The Purge expired tokens every setting enables you to configure a time interval in seconds after which a background process polls the database looking for expired access or refresh tokens or authorization codes and purges them.

Store in a cache

To store access tokens or authorization codes in a cache, perform the following steps:

  1. Right-click Access Token Stores in the Policy Studio tree, and select Add Access Token Store.
  2. In the dialog, select Store in a cache, and select the browse button to display the cache configuration dialog.
  3. Add a new cache (for example, OAuth Access Token Cache).

For more details on API Gateway caches, see Configure caching.

Store in a relational database

To store access tokens or authorization codes in a relational database, perform the following steps:

  1. Create the supporting schema required for the storage of access tokens, refresh tokens, and authorization codes using the SQL commands in INSTALL_DIR\apigateway\system\conf\sql\DBMS_TYPE\oauth-server.sql where DBMS_TYPE is the database management system being used. Schema are provided for Microsoft SQL Server, MySQL, Oracle, and IBM DB2.

  2. Right-click Access Token Stores in the Policy Studio tree, and select Add Access Token Store.

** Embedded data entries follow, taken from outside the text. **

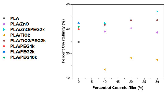 Although our results revealed little difference between the Tm of the composites and pure PLA filaments, integration of the DSC thermograms revealed that significant changes in PLA crystallinity had occurred (Figure 6; Table SI3). Compared to the PLA filament, which was 25% crystalline, incorporating the polymer plasticizer PEG into PLA led to an increase in crystallinity. Inclusion of 10 wt% PEG1k, PEG2k, or PEG10k yielded filaments with 30%, 32%, and 31% crystalline PLA, respectively. Additionally, the ternary composite filaments comprising PLA, ceramics, and PEG exhibited double melting peaks (see Figure 5c). This behavior was observed for all the ZnO ternary composite filaments and only at higher TiO2 concentrations (20 wt% and 30wt%), where the two peaks were at most 10 °C apart.
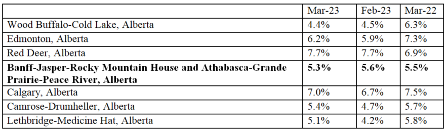 Unemployment in Red Deer is hanging steady at 7.7 per cent as of March.
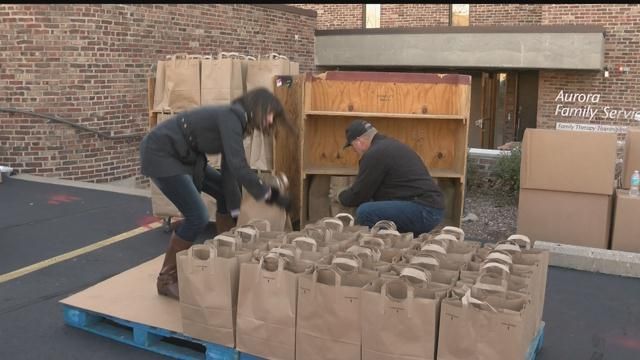 Aurora Family Services collect donations to provide a full Thanksgiving dinner for Milwaukee families.
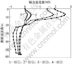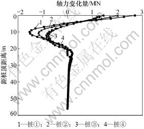 图3中①~④为桩的编号,分别代表前排边桩、中桩,后排边桩、中桩。从图6可以看出:隧道开挖后,距桩顶20 m的范围内桩身轴力增加,且第1排桩轴力增幅明显比第2排桩轴力的增幅大,同一排桩边桩轴力大于中桩轴力。一方面,由于隧道开挖后筏板正下方的土体向下位移,与筏板分离,这部分土体原来承担的荷载转移到附近的桩上,使桩身轴力增加;另一方面,桩侧土体向隧道方向位移,引起桩侧土应力松弛,桩侧阻力减少,桩身轴力相应增加。桩身最大轴力增量发生在隧道起拱线附近,其中①号桩增加约24%,②号桩增加约20%,而③和④号桩轴力增量都不到4%。
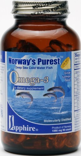Norway's Purest Omega-3 Fish Oil 90 Count, Glass Bottle.
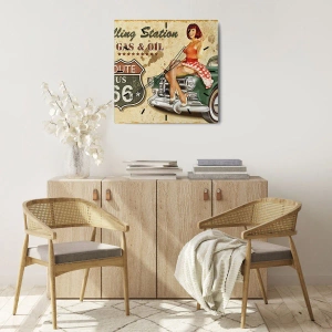 « Pin-up et voiture rétro » est une horloge murale unique de 30 x 30 cm qui nous replonge dans l'atmosphère des années 1950. Le motif représente une pin-up assise sur une voiture classique, entourée de détails rétro, comme des plaques d'immatriculation portant l'inscription « Route 66 ».
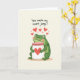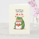 This card shows an emerald-green frog on a soft cream background, smiling wide with rosy cheeks. The frog is holding a clear jar with a big red heart inside, like it’s carefully carrying its feelings. The jar has a light pink lid with vertical stripes, adding a sweet little detail. Above the frog, several small hearts in red and pink float upward, making the scene feel full of affection. Near the top of the card, the words “You make my heart jump!” appear in a casual, hand-drawn letter style, in dark ink that stands out clearly. It feels meaningful to give because it’s simple and honest, like telling someone they make you happy just by being around. It works for romance or close friendship, especially if you want to say something tender without being too serious 🥰❤️.
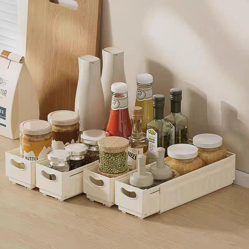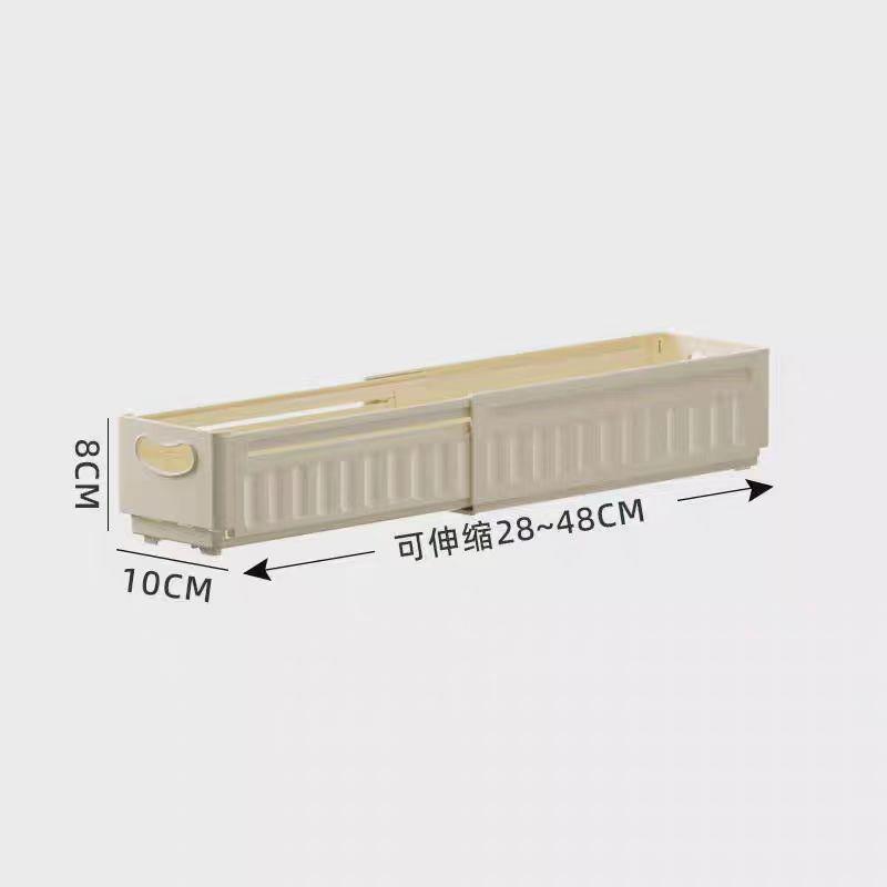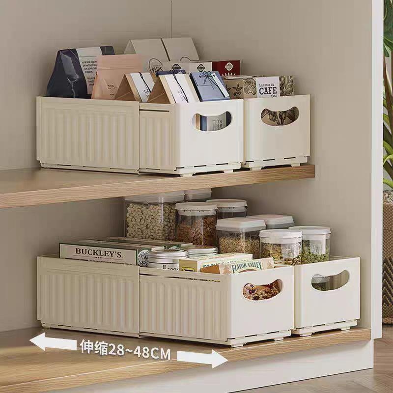 自由伸缩,扩容空间,叠加使用;可伸缩28-48cm,适应不同橱柜宽度;底部四脚加高,便于叠加收纳;圆润把手,无毛刺不伤手。
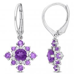 Sterling Silver Amethyst & Created White Sapphire Earrings
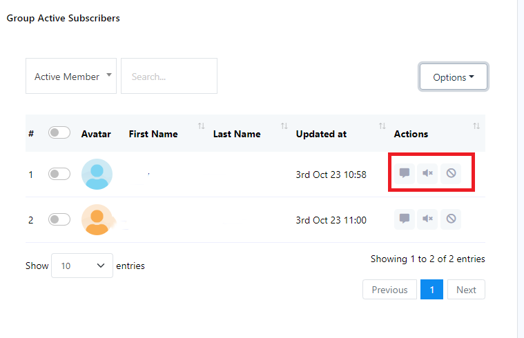 بعد ذلك، ستجد قائمة بأعضاء مجموعتك. يمكنك تخصيص عدد الأعضاء المعروضين باستخدام خيار "إظهار الإدخالات"، والتنقل عبر القائمة باستخدام زري الصفحة السابقة والتالي.

  3. In the dialog, select Store in a database, and select the browse button to display a database configuration dialog.

  4. Complete the database configuration details. The following example uses a MySQL instance named oauth_db.

    Database Connection

Store in Apache Cassandra

To store access tokens or authorization codes in Apache Cassandra, perform the following steps:

  1. Right-click Access Token Stores in the Policy Studio tree, and select Add Access Token Store.
  2. Select Store in Cassandra.
  3. You can configure Read and Write consistency levels for the Cassandra database. These control how up-to-date and synchronized a row of data is on all of its replicas. The default Read setting of ONE means that the database returns a response from the closest replica. The default Write setting of ANY means that a write must be written to at least one replica node.

For more details on Apache Cassandra, see Administer Apache Cassandra.